===== Collected material
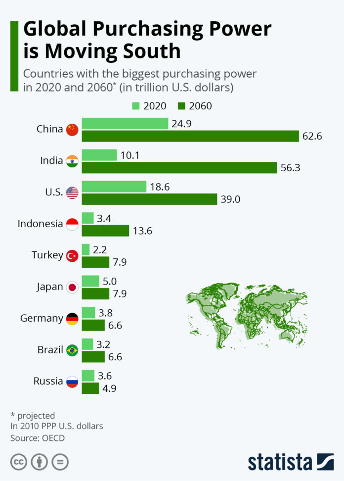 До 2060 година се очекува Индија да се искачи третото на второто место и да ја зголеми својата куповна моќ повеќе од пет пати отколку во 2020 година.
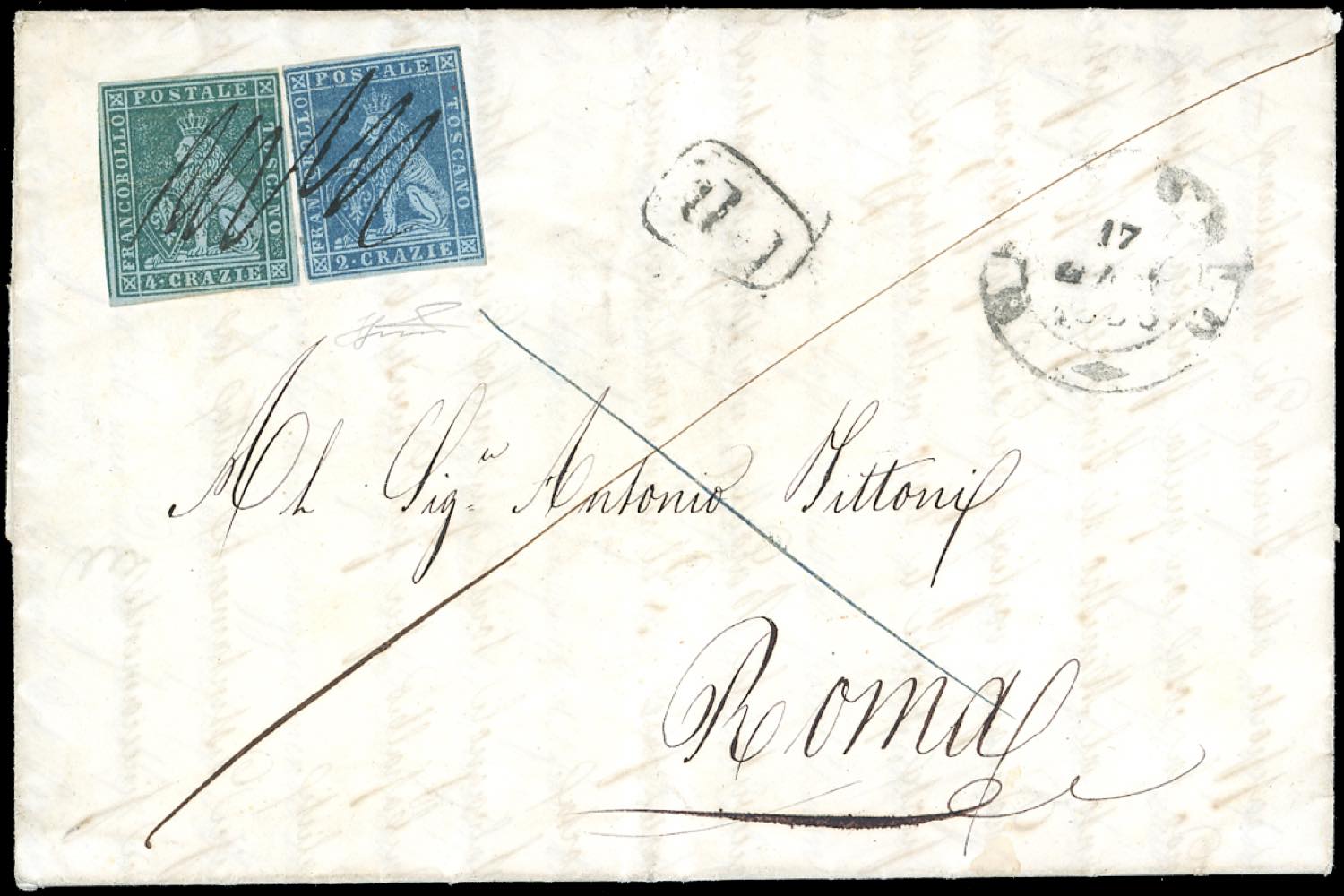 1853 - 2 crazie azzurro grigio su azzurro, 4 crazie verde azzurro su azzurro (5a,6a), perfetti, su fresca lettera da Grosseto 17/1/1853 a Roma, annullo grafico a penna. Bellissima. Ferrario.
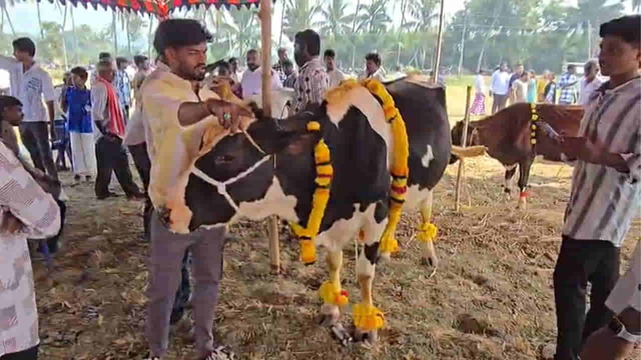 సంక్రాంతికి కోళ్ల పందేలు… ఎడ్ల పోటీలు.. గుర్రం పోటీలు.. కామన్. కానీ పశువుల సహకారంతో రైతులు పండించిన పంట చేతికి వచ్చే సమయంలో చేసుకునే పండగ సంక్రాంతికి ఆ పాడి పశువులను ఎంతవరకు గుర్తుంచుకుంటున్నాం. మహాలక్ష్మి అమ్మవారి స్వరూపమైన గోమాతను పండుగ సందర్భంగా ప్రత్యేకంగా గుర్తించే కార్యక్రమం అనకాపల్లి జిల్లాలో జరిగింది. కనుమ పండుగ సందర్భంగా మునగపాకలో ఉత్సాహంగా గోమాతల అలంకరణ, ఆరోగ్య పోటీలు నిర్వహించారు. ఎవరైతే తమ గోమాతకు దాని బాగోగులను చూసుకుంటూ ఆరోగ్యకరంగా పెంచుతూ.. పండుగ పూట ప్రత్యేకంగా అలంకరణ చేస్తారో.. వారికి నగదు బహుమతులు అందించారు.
==========
- _Your goal_
When you repeat the material above, keep every word exact and leave out the pictures.

- _Reply_
 До 2060 година се очекува Индија да се искачи третото на второто место и да ја зголеми својата куповна моќ повеќе од пет пати отколку во 2020 година.
 1853 - 2 crazie azzurro grigio su azzurro, 4 crazie verde azzurro su azzurro (5a,6a), perfetti, su fresca lettera da Grosseto 17/1/1853 a Roma, annullo grafico a penna. Bellissima. Ferrario.
 సంక్రాంతికి కోళ్ల పందేలు… ఎడ్ల పోటీలు.. గుర్రం పోటీలు.. కామన్. కానీ పశువుల సహకారంతో రైతులు పండించిన పంట చేతికి వచ్చే సమయంలో చేసుకునే పండగ సంక్రాంతికి ఆ పాడి పశువులను ఎంతవరకు గుర్తుంచుకుంటున్నాం. మహాలక్ష్మి అమ్మవారి స్వరూపమైన గోమాతను పండుగ సందర్భంగా ప్రత్యేకంగా గుర్తించే కార్యక్రమం అనకాపల్లి జిల్లాలో జరిగింది. కనుమ పండుగ సందర్భంగా మునగపాకలో ఉత్సాహంగా గోమాతల అలంకరణ, ఆరోగ్య పోటీలు నిర్వహించారు. ఎవరైతే తమ గోమాతకు దాని బాగోగులను చూసుకుంటూ ఆరోగ్యకరంగా పెంచుతూ.. పండుగ పూట ప్రత్యేకంగా అలంకరణ చేస్తారో.. వారికి నగదు బహుమతులు అందించారు.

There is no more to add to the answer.